Aim of the exercise:
Give again, word for word, the lines below that run from the line with "씨앤앰-티브로드 비정규직 노동자들을" through the line with "Otkrijte kombinaciju elegancije". Drop the pictures.

Extracted material:
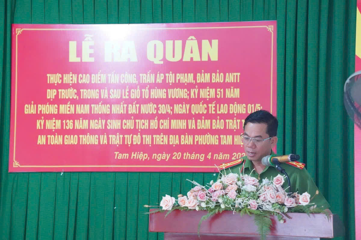 Công an phường Tam Hiệp (tỉnh Đồng Nai) vừa tổ chức Lễ ra quân thực hiện đợt cao điểm tấn công, trấn áp tội phạm, bảo đảm an ninh trật tự (ANTT) và trật tự an toàn giao thông (TTATGT), hướng tới phục vụ các ngày lễ lớn của đất nước như Giỗ tổ Hùng Vương, Ngày Giải phóng miền Nam 30/4, Ngày Quốc tế Lao động 1/5 và Ngày sinh Chủ tịch Hồ Chí Minh 19/5.
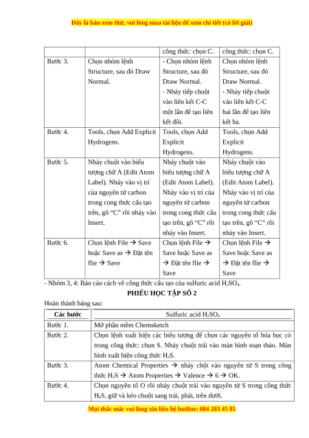 - Nhóm 3, 4: Báo cáo cách vẽ công thức cấu tạo của sulfuric acid H
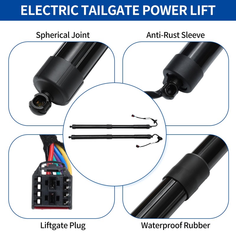 - Features of Rear Tailgate Struts: This Power Liftgate Support made with durable metal material with anti-rust coating for corrosion resistance, anti corrosion sleeve with metal mounting bracket to prevent rust or deform, pre-wired harness to prevent inside wires from rust or break. Built-in electric motor will driving and guide the electric strut to extend or contract.
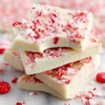 This festive Candy Cane Fudge is an easy-to-make, creamy white chocolate peppermint treat made with only three ingredients. Featuring a smooth white chocolate and sweetened condensed milk base with crunchy crushed candy canes mixed in and sprinkled on top, this fudge is perfect for holiday gifting or indulgent snacking.
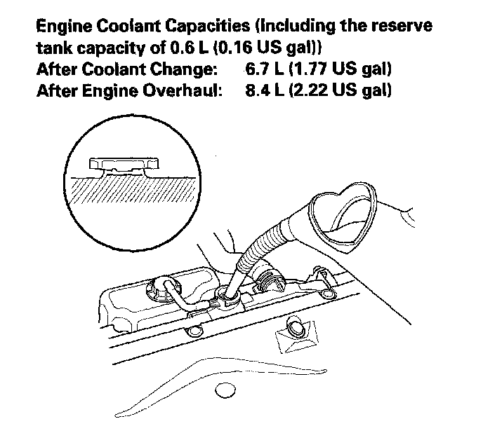 9. Pour Honda Long Life Antifreeze/Coolant Type 2 into the radiator up to the base of the filler neck.
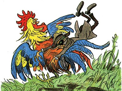 Он поманил петуха пальцем. Гордый петух и не думал подходить. Разбойник сделал вид, что сыплет на землю какие-то крошки.
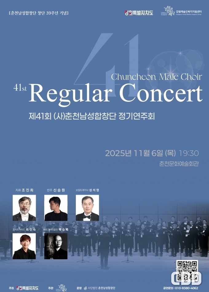 춘천남성합창단의 제41회 정기연주회가 오는 6일 목요일 오후 7시 30분, 춘천문화예술회관에서 열린다.
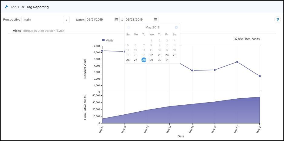 タグレポートは、Tealiumプラットフォームを通じて流れるデータを完全に処理し、表示するのに最大48時間かかることがあります。日付範囲が過去24〜48時間のみを含む場合、レポートにデータが表示されない場合があります。ベストプラクティスとして、現在の日付の少なくとも48時間前の終了日を入力します。
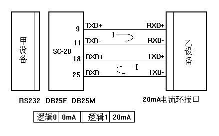 RS232/TTY(20mA電流環(huán))轉換器,全雙工,最高速率9600bps,無需供電。
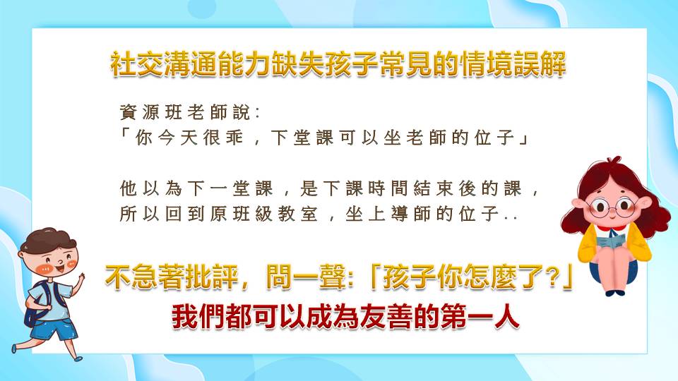 - 社交溝通能力缺失的亞斯孩子最常見的『被誤解』實例。-感謝曉帆授權轉載
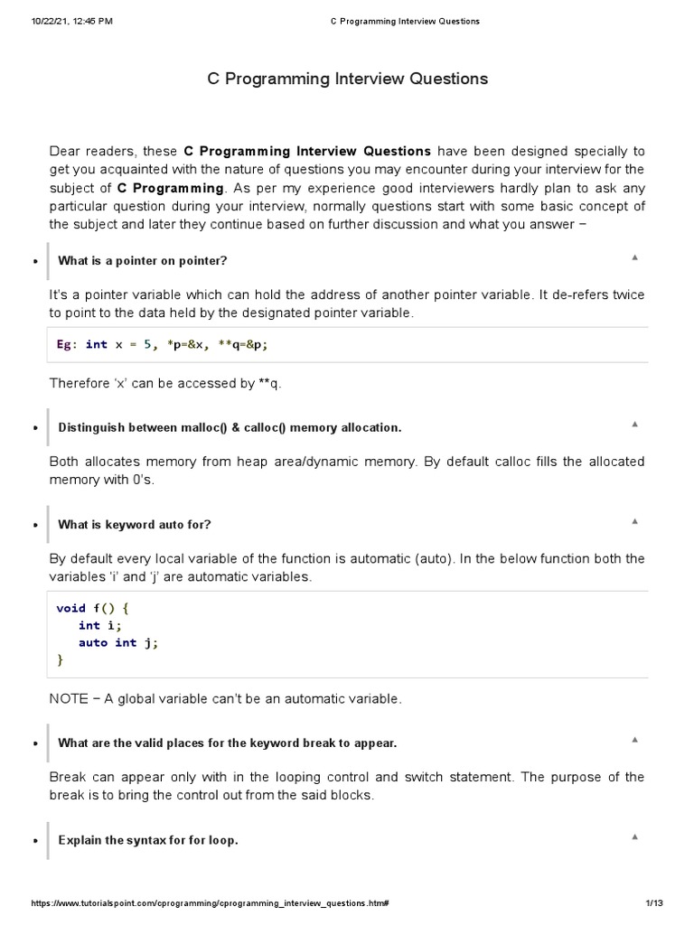C Programming Interview Questions - Tutorialspoint - C Programming ...
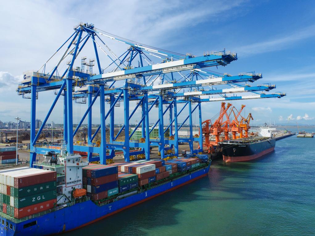 广西北海铁山港区集装箱船舶作业现场。新华社发(北港融媒体中心供图)
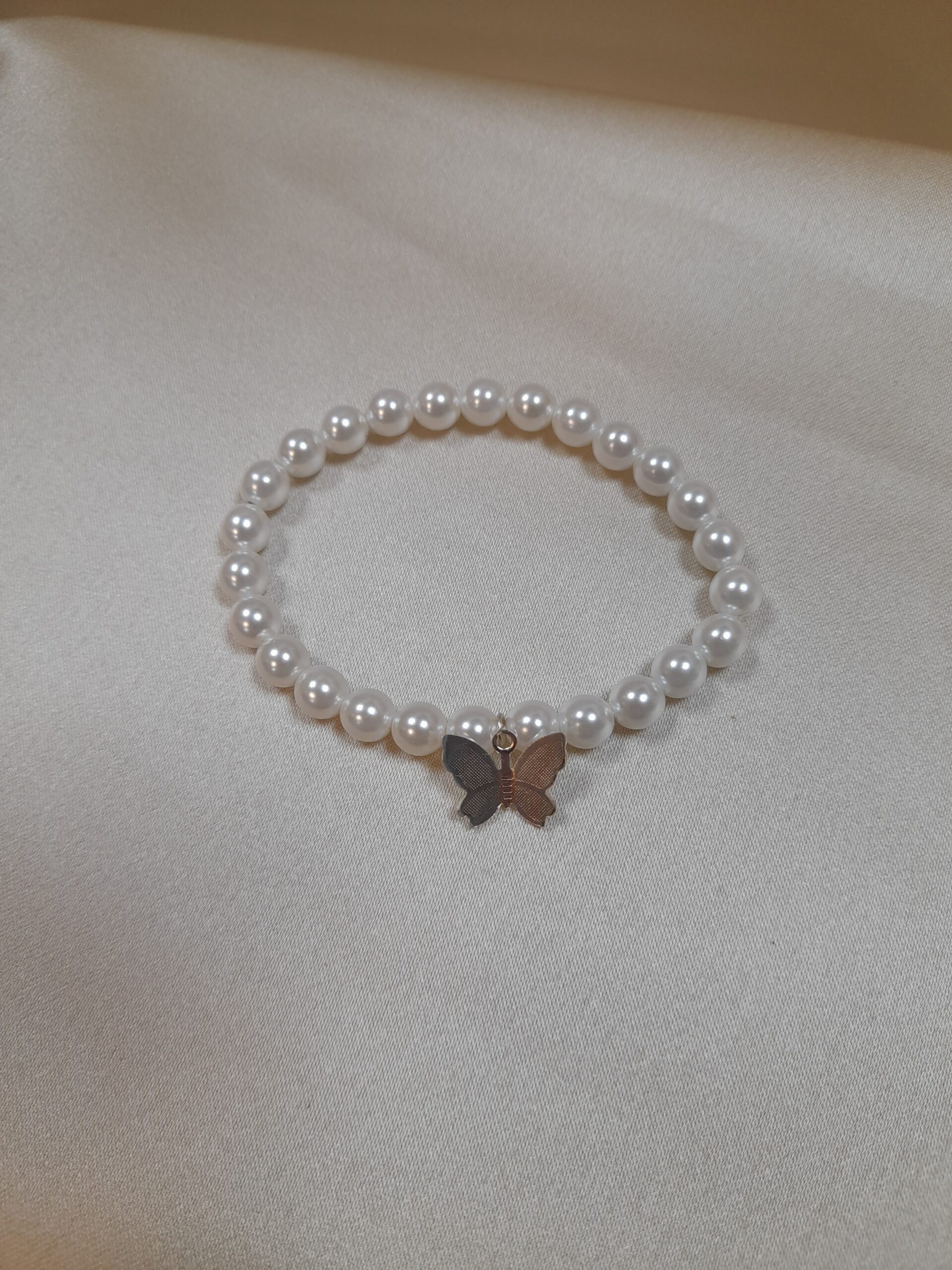 Delicate handcrafter bracelet, made up of pearls and decorated with a silver Butterfly, perfect for your bridesmaids or flower girls.
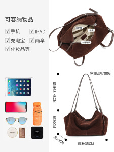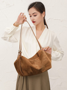 热销女包小众通勤百搭麂皮托特包 磨砂牛皮大容量单肩腋下枕头包
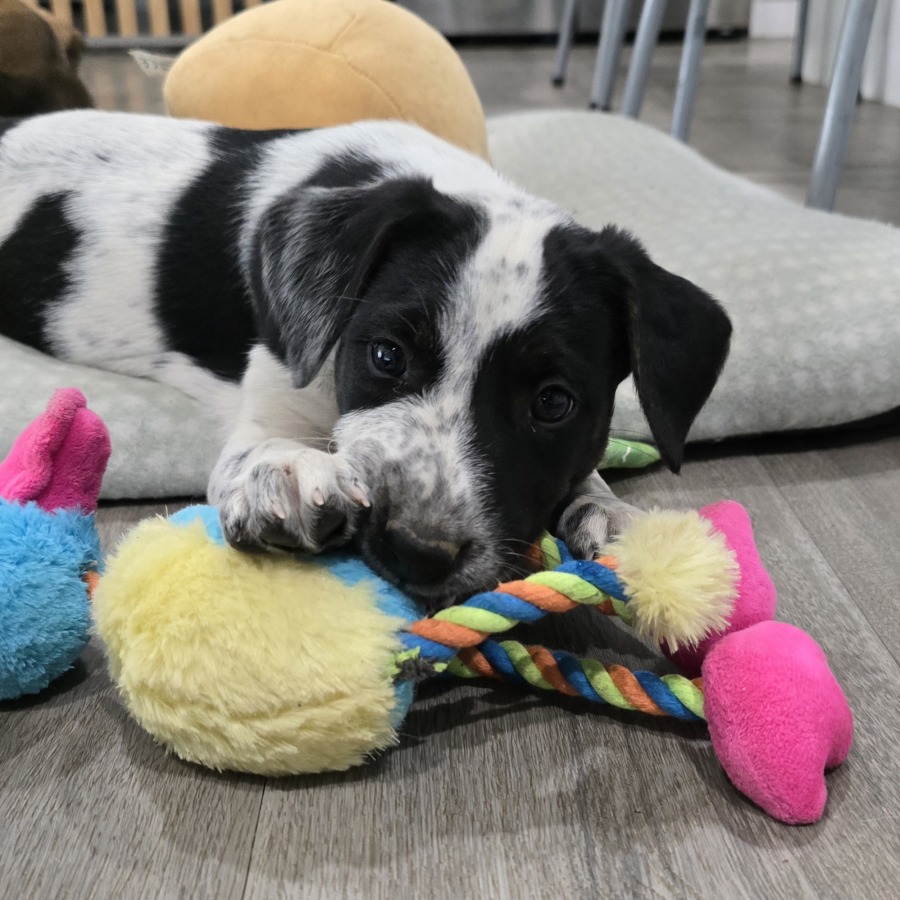 Cheeky, fun and full of sass — Kim has the boldest personality in the litter! She loves to play, explore and show off her silly side. Kim is a quick learner and adores people, especially if it means belly rubs or a treat. She’s social and affectionate, a bright spark who’ll bring laughter and energy to her new family.
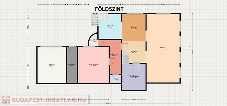 Földszint: Előtér, amerikai konyhás nappali, hálószoba, kamra, fürdőszoba, lépcsőház
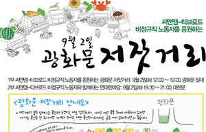 씨앤앰-티브로드 비정규직 노동자들을 응원하는 ‘광화문 저잣거리’. 장기파업으로 고통스러워하고 있는 케이블방송 노동자들을 보면서 어떻게 힘을 보태...
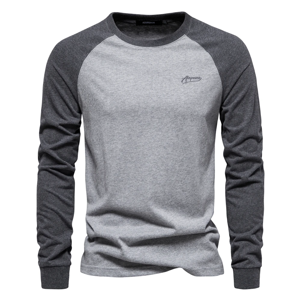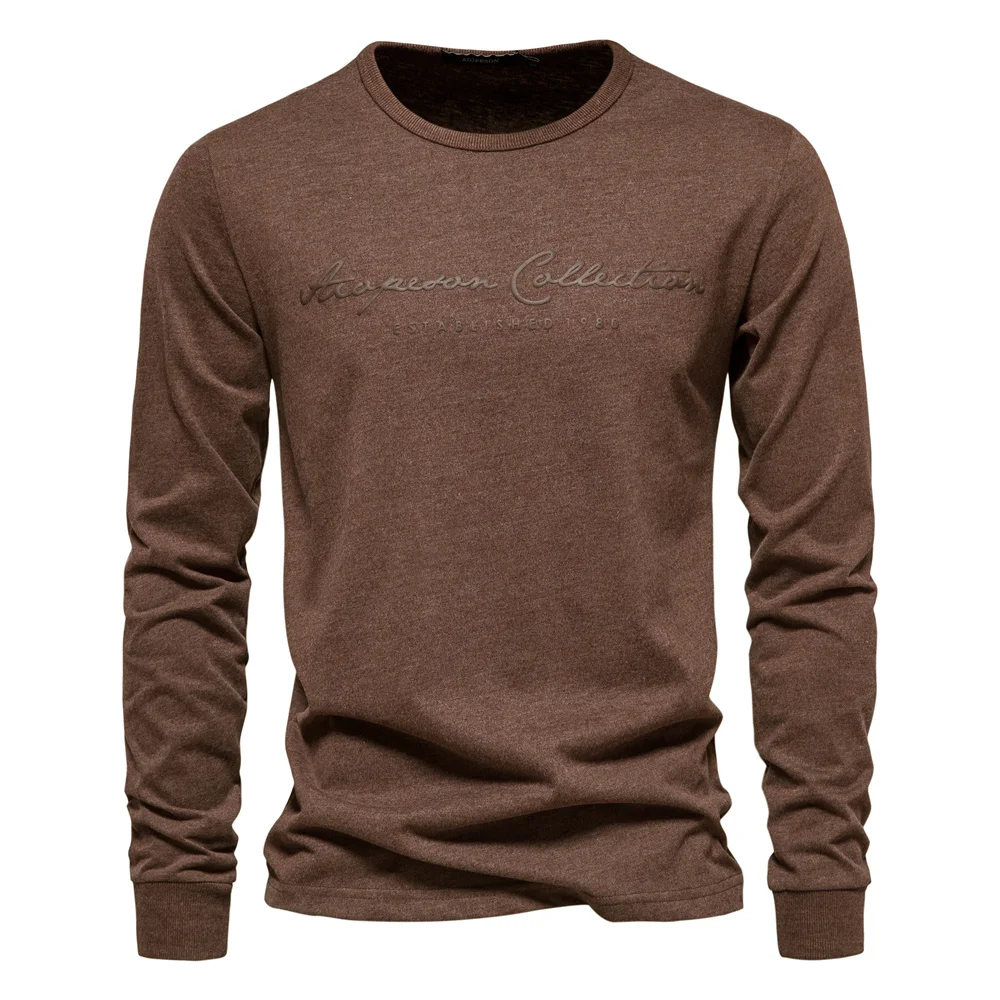 AIOPESON 100% Cotton Long Sleeve Men's T-shirt Solid Color Letter Print Casual T shirts for Men New Spring Tops Tee Men Clothing
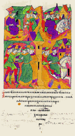 «Паки убиен княжа Пётр, — читаем мы в „Истории великого князя Московского“, — глаголемый Щенятев, внук княжати Литовского Патрикия: муж зело благородный был и богатый, и, оставя всё богатство и многое стяжание, мнишествовати был произволил, и нестяжательное, христоподражательное жительство возлюбил; но и тамо мучитель мучити его повеле, на железной сковороде огнём разженной жещи и за ногти иглы бити. И в сицевых муках скончался».
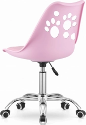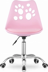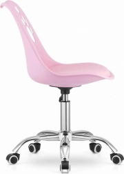 Otkrijte kombinaciju elegancije i funkcionalnosti s ovom ružičastom uredskom stolicom, idealna za ured, dnevni boravak ili blagovaonicu. Opremljena je podesivom visinom zahvaljujući pneumatskom dizalu i udobnim visokim naslonom, koji osigurava udobnost tijekom cijelog dana.
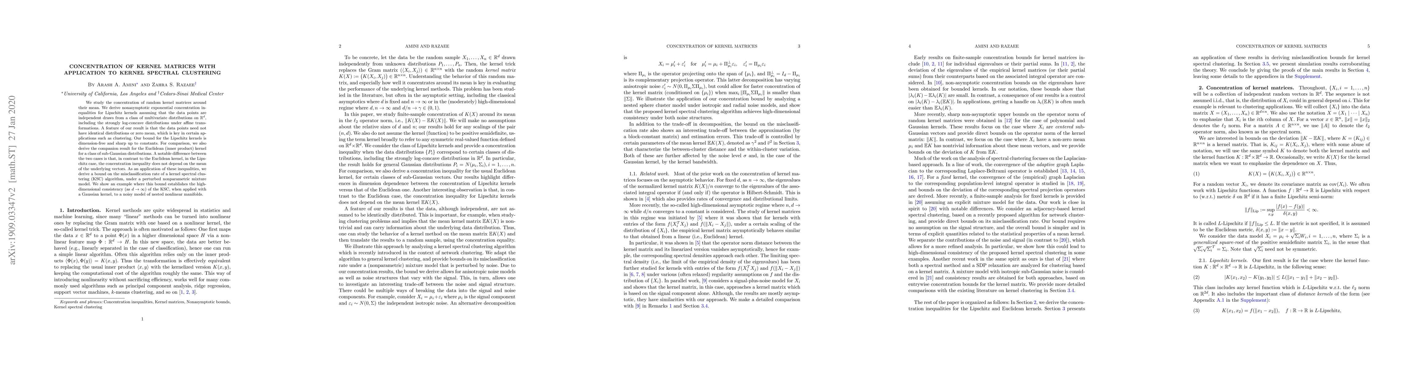 We study the concentration of random kernel matrices around their mean. We derive nonasymptotic exponential concentration inequalities for Lipschitz kernels assuming that the data points are independent draws from a class of multivariate distributions on $\mathbb R^d$, including the strongly log-concave distributions under affine transformations. A feature of our result is that the data points need not have identical distributions or zero mean, which is key in certain applications such as clustering. Our bound for the Lipschitz kernels is dimension-free and sharp up to constants. For comparison, we also derive the companion result for the Euclidean (inner product) kernel for a class of sub-Gaussian distributions. A notable difference between the two cases is that, in contrast to the Euclidean kernel, in the Lipschitz case, the concentration inequality does not depend on the mean of the underlying vectors. As an application of these inequalities, we derive a bound on the misclassification rate of a kernel spectral clustering (KSC) algorithm, under a perturbed nonparametric mixture model. We show an example where this bound establishes the high-dimensional consistency (as $d \to \infty$) of the KSC, when applied with a Gaussian kernel, to a noisy model of nested nonlinear manifolds.
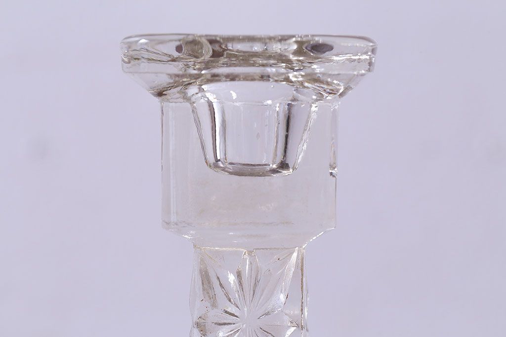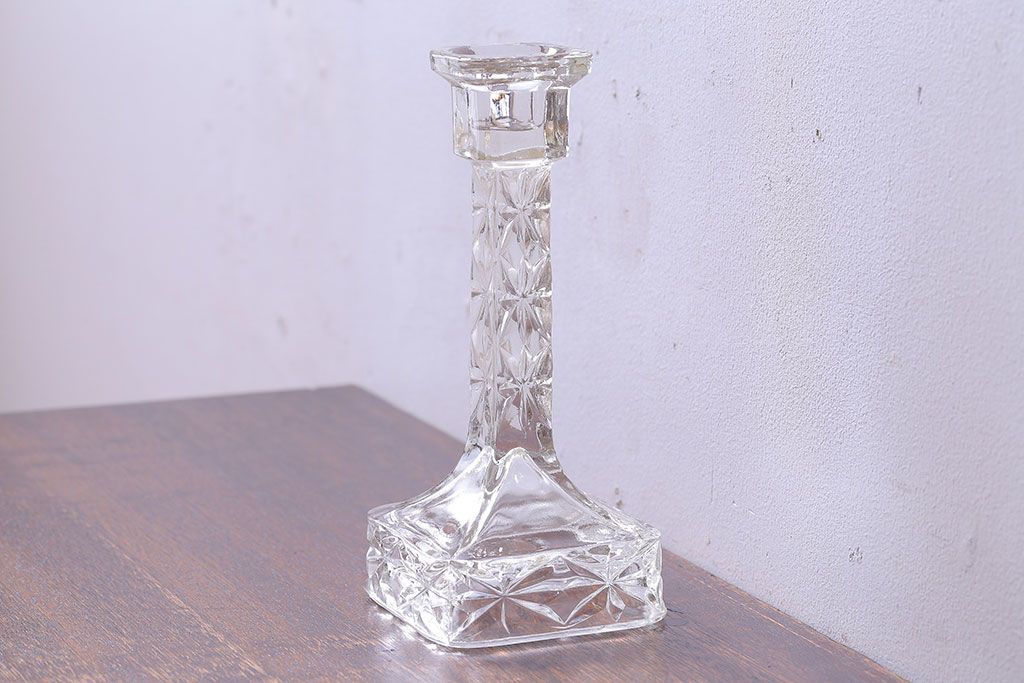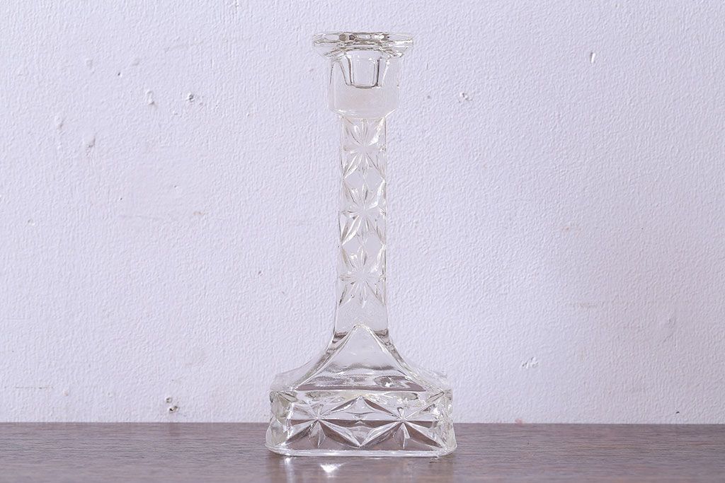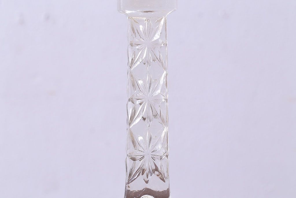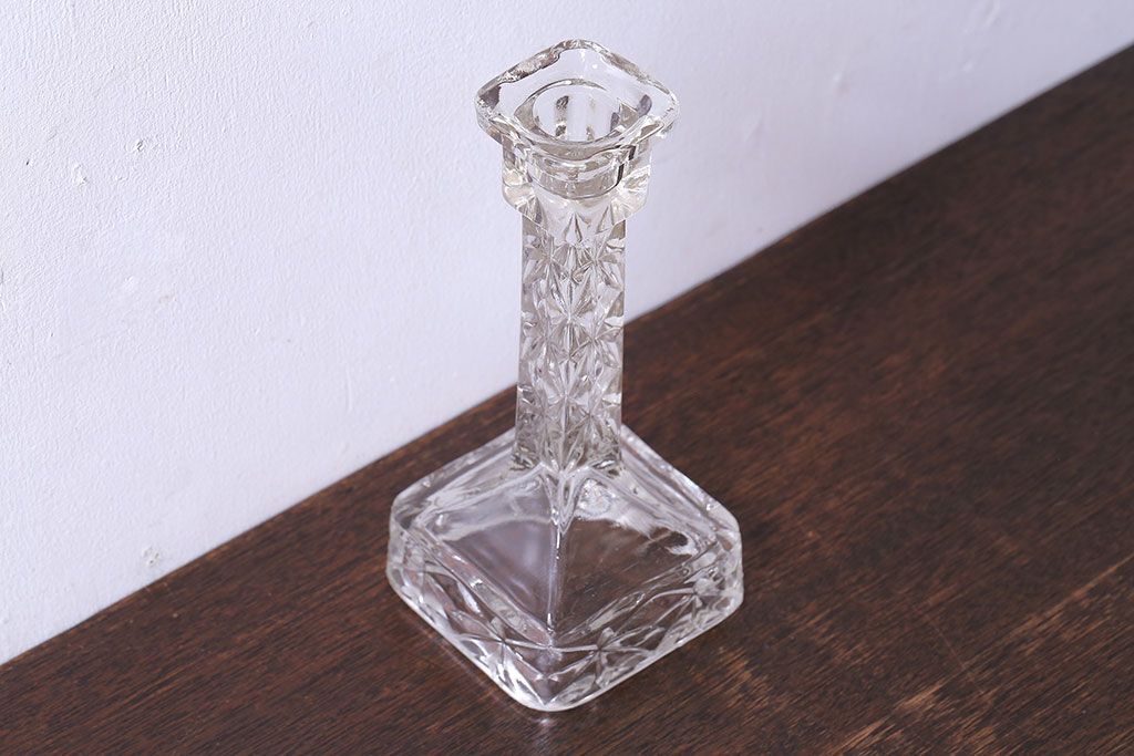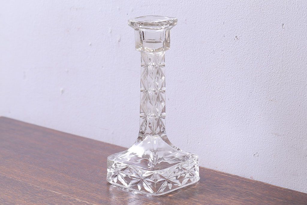 アンティーク雑貨 イギリスアンティーク 切り込みのデザインがシックなガラス製キャンドルスタンド(ろうそく立て、キャンドルホルダー)

Problem solution:
 씨앤앰-티브로드 비정규직 노동자들을 응원하는 ‘광화문 저잣거리’. 장기파업으로 고통스러워하고 있는 케이블방송 노동자들을 보면서 어떻게 힘을 보태...
 AIOPESON 100% Cotton Long Sleeve Men's T-shirt Solid Color Letter Print Casual T shirts for Men New Spring Tops Tee Men Clothing
 «Паки убиен княжа Пётр, — читаем мы в „Истории великого князя Московского“, — глаголемый Щенятев, внук княжати Литовского Патрикия: муж зело благородный был и богатый, и, оставя всё богатство и многое стяжание, мнишествовати был произволил, и нестяжательное, христоподражательное жительство возлюбил; но и тамо мучитель мучити его повеле, на железной сковороде огнём разженной жещи и за ногти иглы бити. И в сицевых муках скончался».
 Otkrijte kombinaciju elegancije i funkcionalnosti s ovom ružičastom uredskom stolicom, idealna za ured, dnevni boravak ili blagovaonicu. Opremljena je podesivom visinom zahvaljujući pneumatskom dizalu i udobnim visokim naslonom, koji osigurava udobnost tijekom cijelog dana.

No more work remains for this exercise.